REQUIRED WORK: Retype the whole listing verbatim and keep the pictures out of it.

RECORDED DATA:
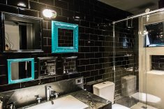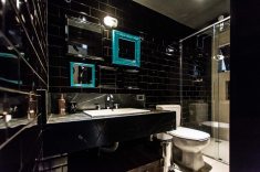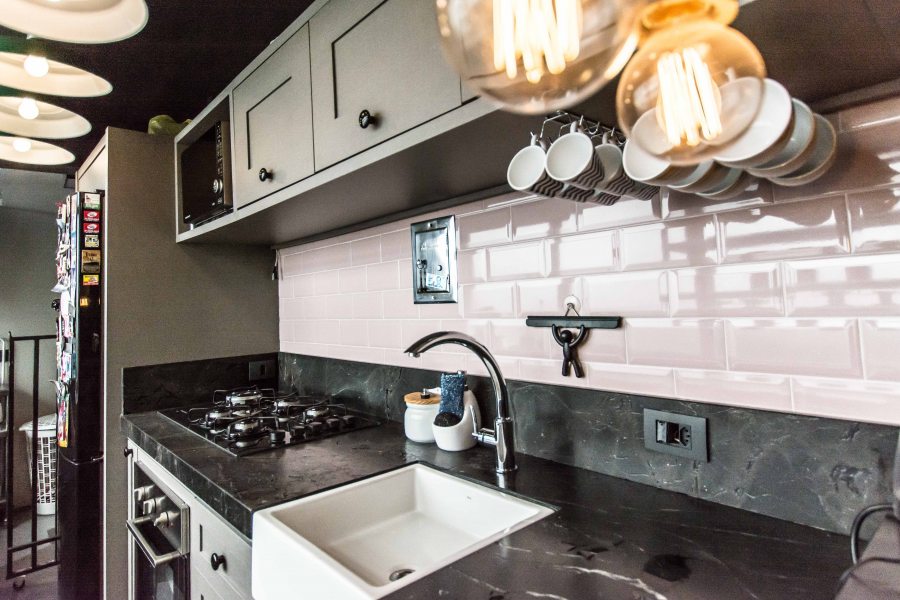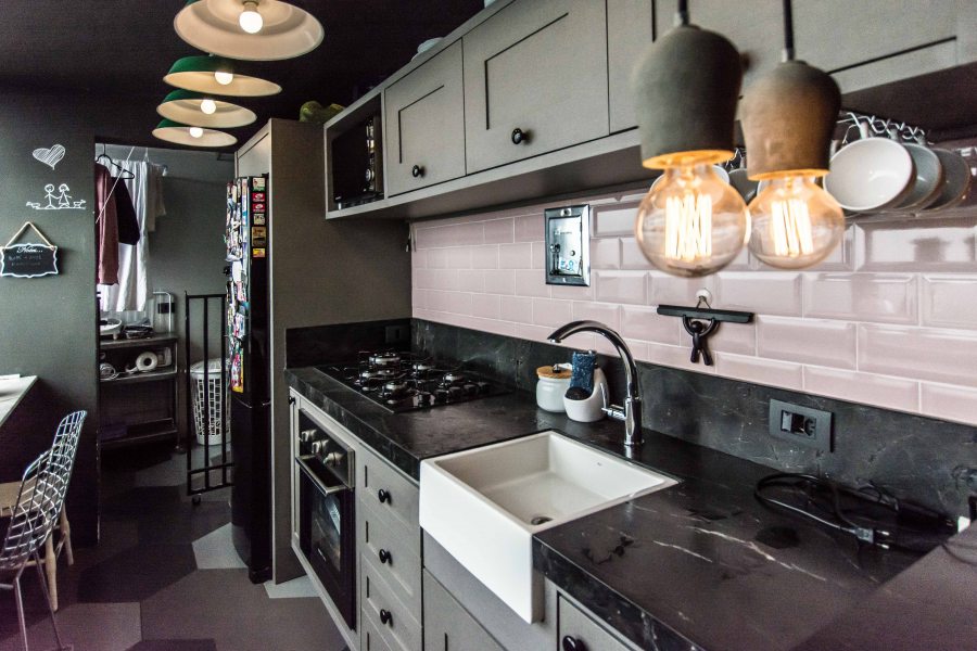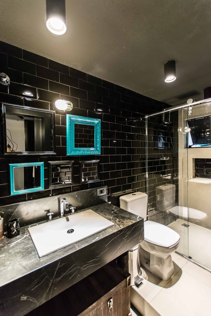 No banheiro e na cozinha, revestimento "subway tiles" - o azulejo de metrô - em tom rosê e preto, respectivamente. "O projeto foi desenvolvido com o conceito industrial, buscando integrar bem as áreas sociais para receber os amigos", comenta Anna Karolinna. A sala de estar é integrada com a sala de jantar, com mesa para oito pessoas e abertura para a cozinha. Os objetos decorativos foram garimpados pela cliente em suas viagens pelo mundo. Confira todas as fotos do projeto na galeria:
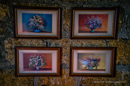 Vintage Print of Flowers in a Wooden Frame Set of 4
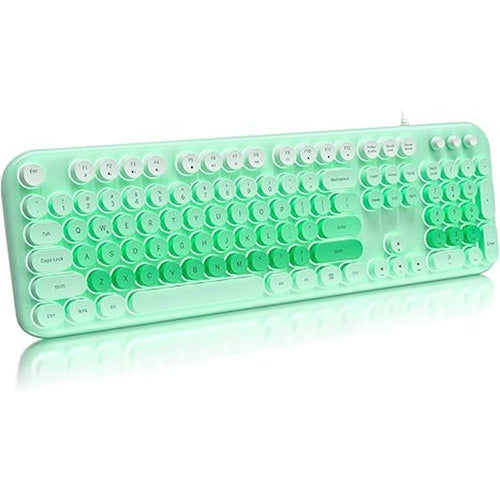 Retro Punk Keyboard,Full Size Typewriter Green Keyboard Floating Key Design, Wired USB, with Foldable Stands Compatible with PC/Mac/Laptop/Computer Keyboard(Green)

OUTPUT OF THE TASK:
 No banheiro e na cozinha, revestimento "subway tiles" - o azulejo de metrô - em tom rosê e preto, respectivamente. "O projeto foi desenvolvido com o conceito industrial, buscando integrar bem as áreas sociais para receber os amigos", comenta Anna Karolinna. A sala de estar é integrada com a sala de jantar, com mesa para oito pessoas e abertura para a cozinha. Os objetos decorativos foram garimpados pela cliente em suas viagens pelo mundo. Confira todas as fotos do projeto na galeria:
 Vintage Print of Flowers in a Wooden Frame Set of 4
 Retro Punk Keyboard,Full Size Typewriter Green Keyboard Floating Key Design, Wired USB, with Foldable Stands Compatible with PC/Mac/Laptop/Computer Keyboard(Green)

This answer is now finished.